======== Data ========

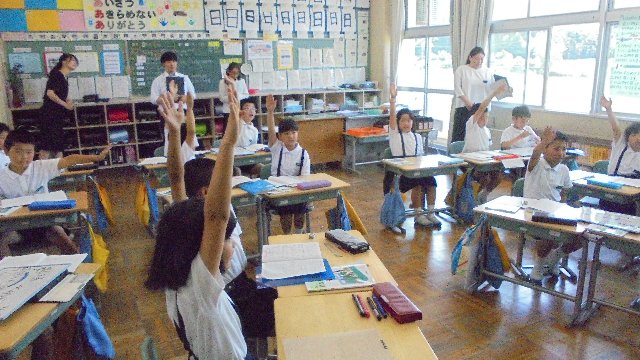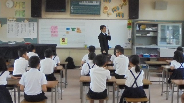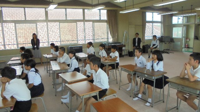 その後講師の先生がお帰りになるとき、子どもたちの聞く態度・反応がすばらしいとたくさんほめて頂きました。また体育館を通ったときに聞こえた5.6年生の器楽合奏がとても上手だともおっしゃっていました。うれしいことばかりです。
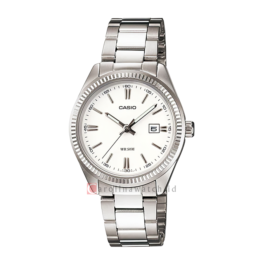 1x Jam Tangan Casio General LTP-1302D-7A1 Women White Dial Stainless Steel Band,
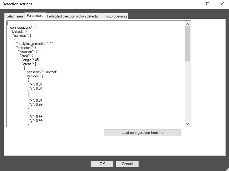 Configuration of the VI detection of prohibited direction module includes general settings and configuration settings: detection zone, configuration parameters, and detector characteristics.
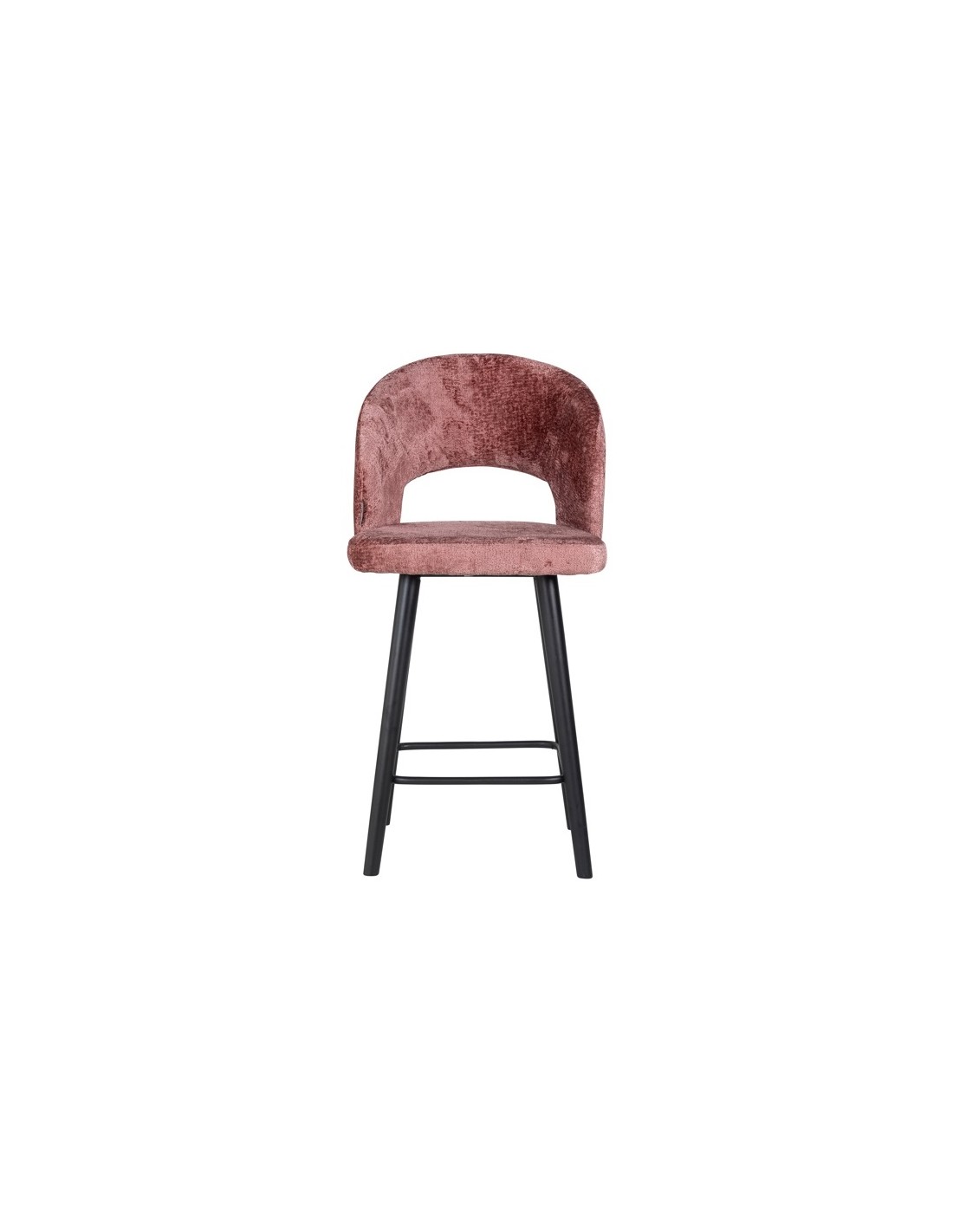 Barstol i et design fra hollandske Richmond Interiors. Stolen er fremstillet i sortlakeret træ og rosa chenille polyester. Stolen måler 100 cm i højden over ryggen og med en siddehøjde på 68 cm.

========

Work to be completed
Print nothing but the lines above starting with the line that contains "1x Jam Tangan" and going on through the line that contains "Configuration of the". Leave out the pictures.

Solution for this task
 1x Jam Tangan Casio General LTP-1302D-7A1 Women White Dial Stainless Steel Band,
 Configuration of the VI detection of prohibited direction module includes general settings and configuration settings: detection zone, configuration parameters, and detector characteristics.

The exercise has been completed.